■ **Dataset extract**
┌──
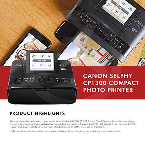 The SELPHY CP1300 Compact Photo Printer offers the creativity you need in a stylish and portable package. Designed for compact on-the-go printing, the SELPHY CP1300 Printer captures your memories anywhere you go – simply connect it to your computer, smartphone1, memory card 2, or USB flash drive for a fun and convenient way to print anytime. Customize your favorite images with a selection of borders and effects for a personalized look, plus choose from a variety of dimensions, including card size (2.1″ x 3.4″), postcard (4″ x 6″), and square label (2.1 ” x 2.1″). Maximum Print Speed (Black): 0.8 ppm; Network Ready: Yes; Printer Type: Photo; Print Resolution (Color) (Width x Height): 300 x 300 dpi.
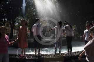 MEXICO, D.F, 16MARZO2014.- Estos días se ha registrado un incremento de la temperatura en la ciudad, por lo que los capitalinos buscan maneras para refrescarse cuando salen de paseo. En la imagen, turistas hacen una pausa para disfrutar de un helado, en el centro de la Delegación Coyoacán. FOTO: DAVID POLO /CUARTOSCURO.COM
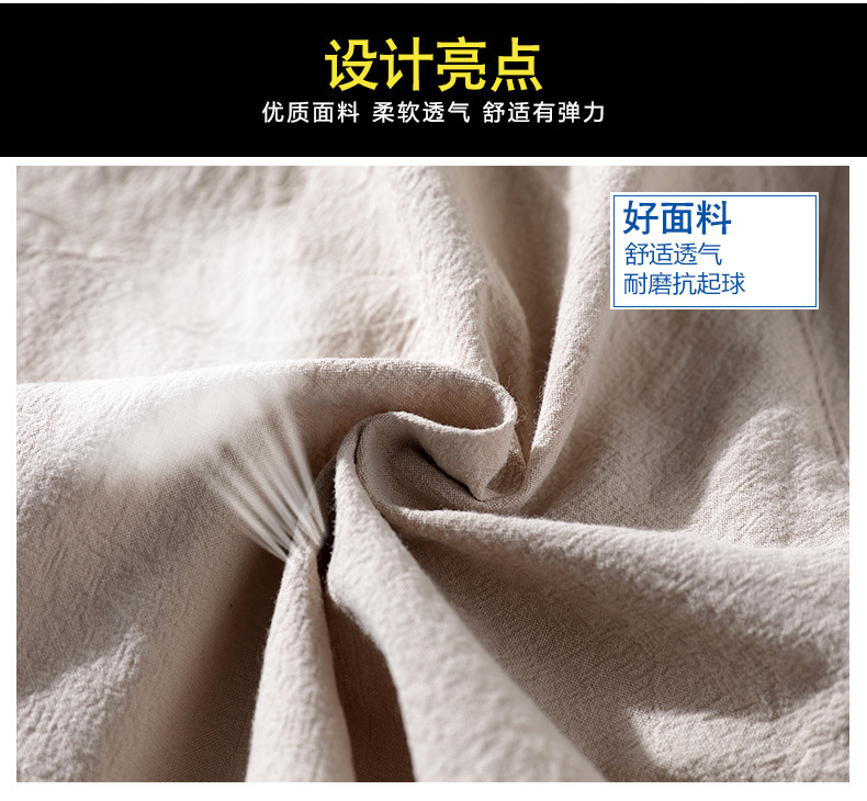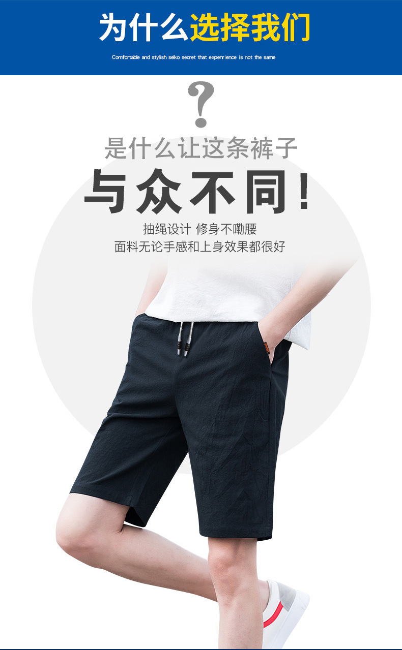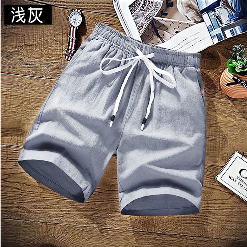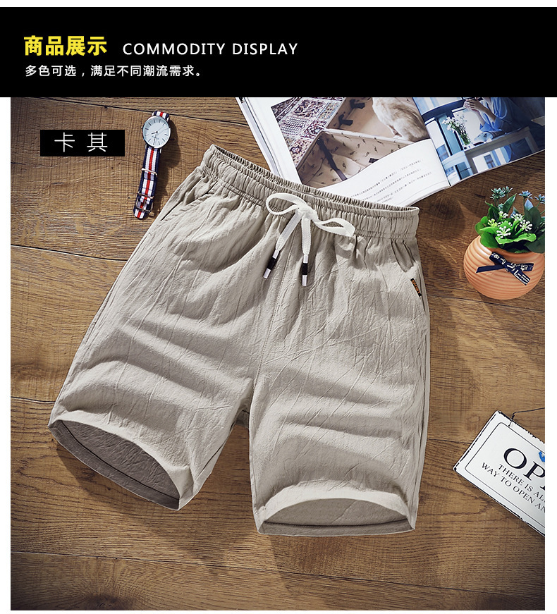 夏季新款男士休闲亚麻短裤松紧腰透气薄款棉麻宽松五分沙滩中裤男
└──
■ **About this exercise**
Give an exact copy of the data, and omit any pictures it holds.

■ **Result for this task**
 The SELPHY CP1300 Compact Photo Printer offers the creativity you need in a stylish and portable package. Designed for compact on-the-go printing, the SELPHY CP1300 Printer captures your memories anywhere you go – simply connect it to your computer, smartphone1, memory card 2, or USB flash drive for a fun and convenient way to print anytime. Customize your favorite images with a selection of borders and effects for a personalized look, plus choose from a variety of dimensions, including card size (2.1″ x 3.4″), postcard (4″ x 6″), and square label (2.1 ” x 2.1″). Maximum Print Speed (Black): 0.8 ppm; Network Ready: Yes; Printer Type: Photo; Print Resolution (Color) (Width x Height): 300 x 300 dpi.
 MEXICO, D.F, 16MARZO2014.- Estos días se ha registrado un incremento de la temperatura en la ciudad, por lo que los capitalinos buscan maneras para refrescarse cuando salen de paseo. En la imagen, turistas hacen una pausa para disfrutar de un helado, en el centro de la Delegación Coyoacán. FOTO: DAVID POLO /CUARTOSCURO.COM
 夏季新款男士休闲亚麻短裤松紧腰透气薄款棉麻宽松五分沙滩中裤男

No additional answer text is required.